Немногие туристы раннего сезона, затесавшиеся среди оставшихся анзаков, цепляются в этот ветреный день за шляпы, а внизу, на пляже, бродят дети с порозовевшими от холода руками и ногами. Пара старомодных купальных машин стоят пустые у кромки воды. Знак «Скоро вернусь» прислонен к полосатой палатке с кукольным шоу о Панче и Джуди.
На дальней оконечности набережной терраса с гостевыми домами из красного кирпича примыкает к городской гавани. Над крышами видны корабельные мачты, будто ряд распятий. У двери предпоследнего здания стоит деревянная доска, сообщающая, что это обиталище «МАДАМ КАМИЛЛЫ, ТАИНСТВЕННОЙ ЯСНОВИДЯЩЕЙ советницы КОРОЛЕЙ И КОРОЛЕВ, ГАДАЛКИ – ОНА ВИДИТ ВСЕ! ОНА ЗНАЕТ ВСЕ!» Ниже мелом изображен один глаз.
Отряхивая бороду от песка, Джаспер стучит в дверь. Юный мальчик впускает его и указывает на темную лестницу. У мадам Камиллы узкая комната на первом этаже. Что-то красное и газовое накрывает обычную лампу, укутывая помещение красноватым, потусторонним сиянием. Мадам Камилла, возложив ладони на стеклянный шар, сидит за обитым сукном карточным столом у окна, выходящего на гавань. Джаспер предполагает, что это, должно быть, хрустальный шар, но с таким же успехом это может быть и выловленный из гавани корабельный буй.
Он садится напротив нее и кладет три монеты на стол. Взгляд мадам Камиллы прыгает к нему – быстро, как язык у ящерицы. У нее узкое лицо, неопрятные волосы укрыты шарфом с бахромой.
– Ты пришел за кем-то, кого потерял, – говорит она с незнакомым акцентом. Возможно, ирландский. Или притворно-ирландский.
Джаспер вздрагивает от бесцеремонности ее обращения.
– Да. Моя жена. Моя первая жена, Аннабель. Я услышал от одной из своих служанок, что вы связывались с ее покойным супругом, и…
– Аннабель. Сильная женщина. Сильные не всегда хотят, чтобы с ними связывались. С трудом сами готовы принять это, понимаешь ли. – Мадам Камилла гладит стеклянный шар.
– Понимаю. – Он не уверен в этом.
– У тебя есть вещь, что еще помнит ее прикосновение? Что-то, что она всегда держала при себе?
Я, думает он. Я все еще помню ее прикосновение. Он хмурится, затем лезет в карман, за бухгалтерской книжечкой Аннабель, где каждая страница заполнена мелким санскритом карандашных цифр.
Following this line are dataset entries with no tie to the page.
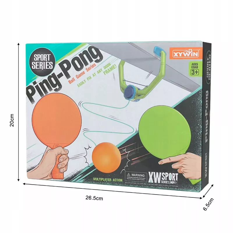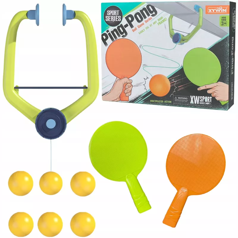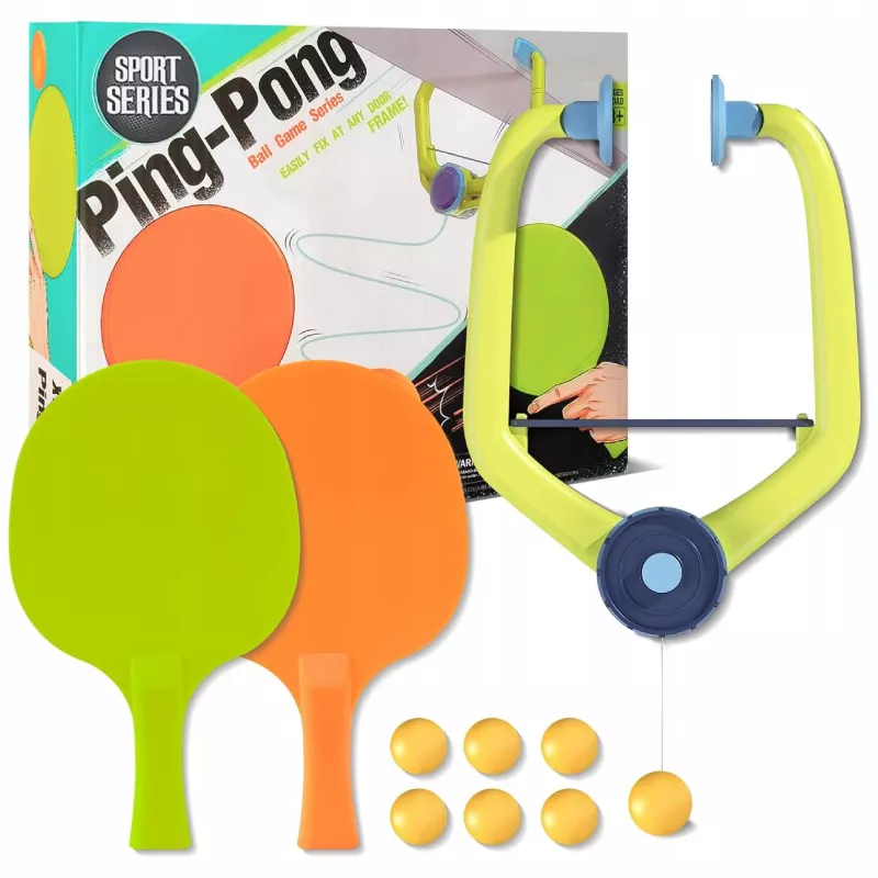 Zestaw jest kompletny i gotowy do gry. Zawiera dwie rakietki, sześć piłeczek oraz uchwyt podwieszany z piłeczką na sznurku.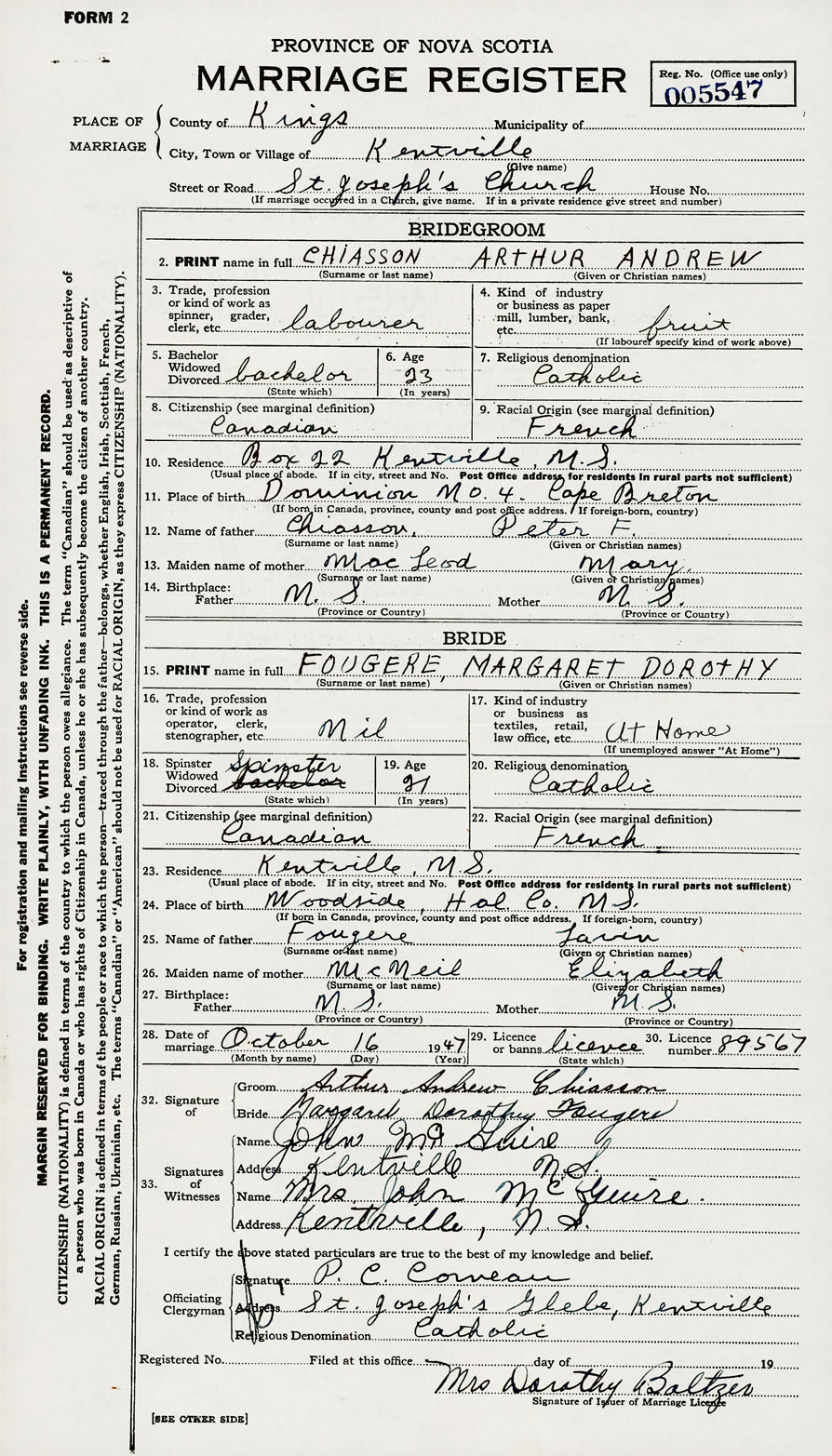 28. Date of marriage October 16 1947 29. By license or banns License 30. License number 89567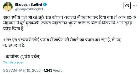 ईडी की कार्रवाई पर भूपेश बघेल की कार्यालय की ओर से प्रतिक्रिया दी गई। उनके एक्स हैंडल पर पोस्त करते हुए लिखा गया," सात वर्षों से चले आ रहे झूठे केस को जब अदालत में बर्खास्त कर दिया गया तो आज ED के मेहमानों ने पूर्व मुख्यमंत्री, कांग्रेस महासचिव भूपेश बघेल के भिलाई निवास में आज सुबह प्रवेश किया है। अगर इस षड्यंत्र से कोई पंजाब में कांग्रेस को रोकने का प्रयास कर रहा है, तो यह गलतफहमी है।"
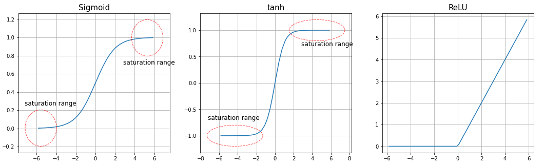 - 기존에 자주 쓰이던 비선형 함수인 $\tanh$, sigmoid는 포화 비선형성 함수(saturating nonlinearities)였음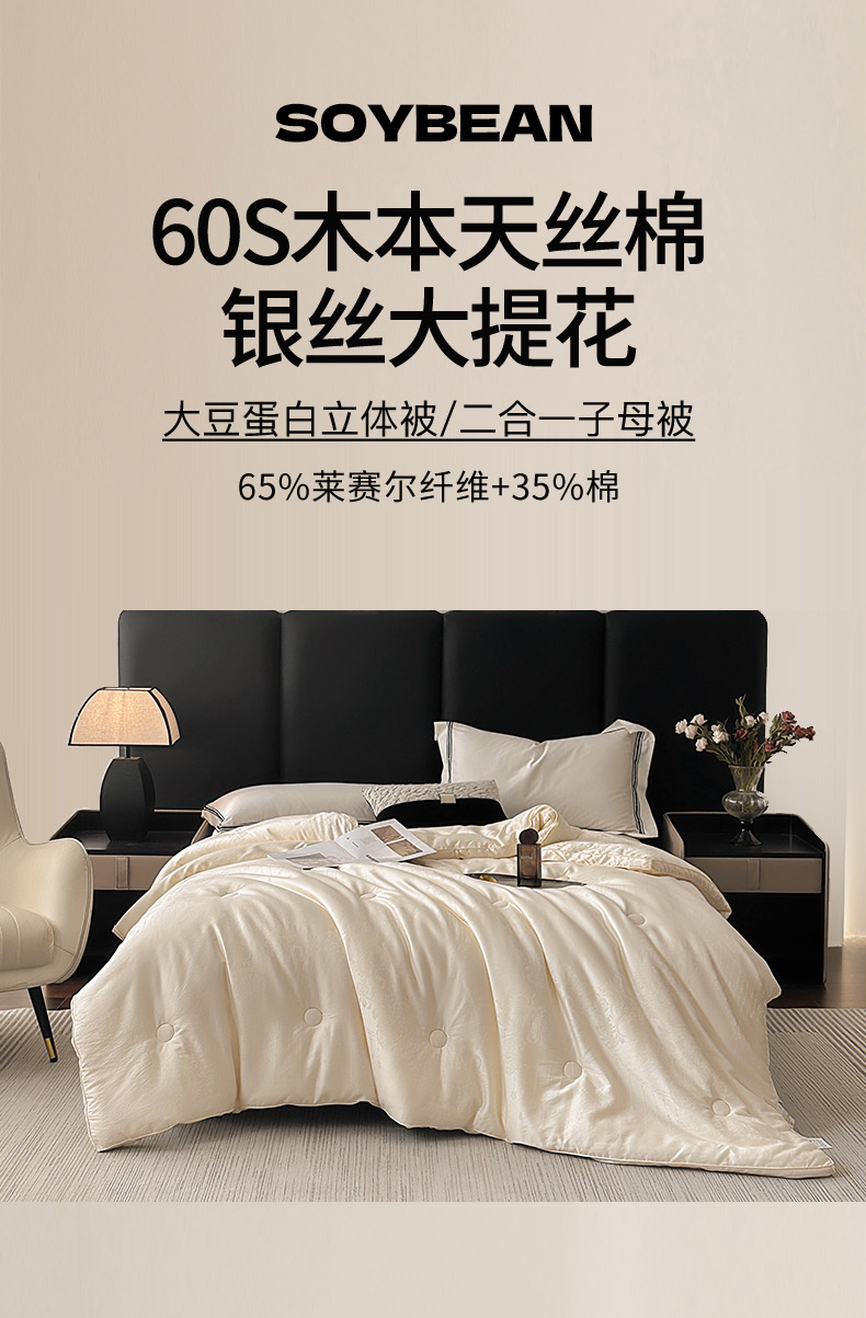 (总)雅高 2025雅韵系列-60s木本天丝棉银丝大提花大豆纤维立体冬被拉链二合一子母被双胎被子加厚大豆被被芯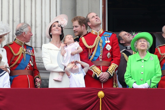 Ksiaze Karol, ksiezna Kate, ksiaze William, ksiaze Jerzy, ksiezniczka Charlotte - Karolina, krolowa Elzbieta II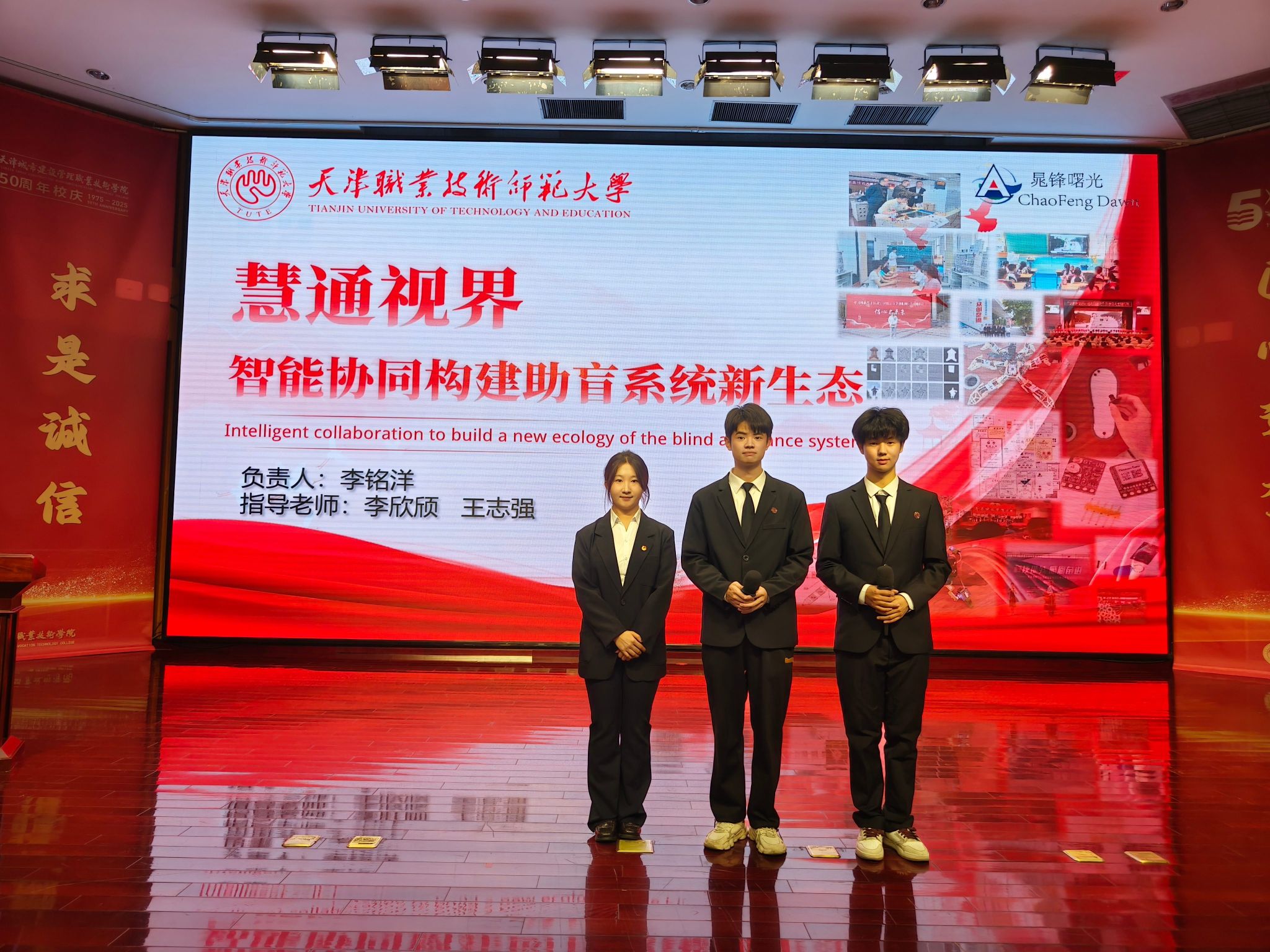 本网讯【通讯员 刘惠】11月9日上午,天津市第九届黄炎培职业教育创新创业大赛颁奖仪式在天津城市建设管理职业技术学院举行,天津市人民政府副市长、市中华职业教育社主任李文海出席活动。我校自动化与电气工程学院李铭洋团队凭借《慧通视界——智能协同构建助盲系统新生态》项目荣获本科组一等奖,并作为优秀项目代表在颁奖仪式上进行汇报展示,其创新理念与实用价值得到与会领导嘉宾的充分肯定。根据大赛安排,该项目将代表天津市参加2026年中华职业教育创新创业全国大赛。

Мадам Камилла берет записную книжку, закрывает глаза, глубоко вдыхает через нос. Снаружи колесный пароход медно гудит, отправляясь в море.
– Я слышу голоса, – говорит мадам Камилла.
Джаспер шепчет:
– Она здесь? Могу я поговорить с ней? Я хотел объяснить про Розалинду. Чувство долга вынудило…
– Боевая леди.
– Она сердится на меня?
Мадам Камилла хмурится.
– Она сбита с толку. Все ищет что-то. Она не теряла ничего дорогого ей? Драгоценности? Ключи?
– Ничего не приходит в голову.
– Может быть что-то совершенно неожиданное – незакрытое окно, – это их ужасно беспокоит.
– Я всегда слежу, чтобы окна были закрыты. Теперь я могу с ней поговорить?
– Она зовет, бедняжка.
– Бога ради, почему вы просто не можете сказать ей, что я пришел? Или хотя бы доказать мне, что эта женщина действительно моя Аннабель.
Мадам Камилла приоткрывает глаза.
– Я не занимаюсь доказательствами, мистер. Выдаю то, что они дают мне.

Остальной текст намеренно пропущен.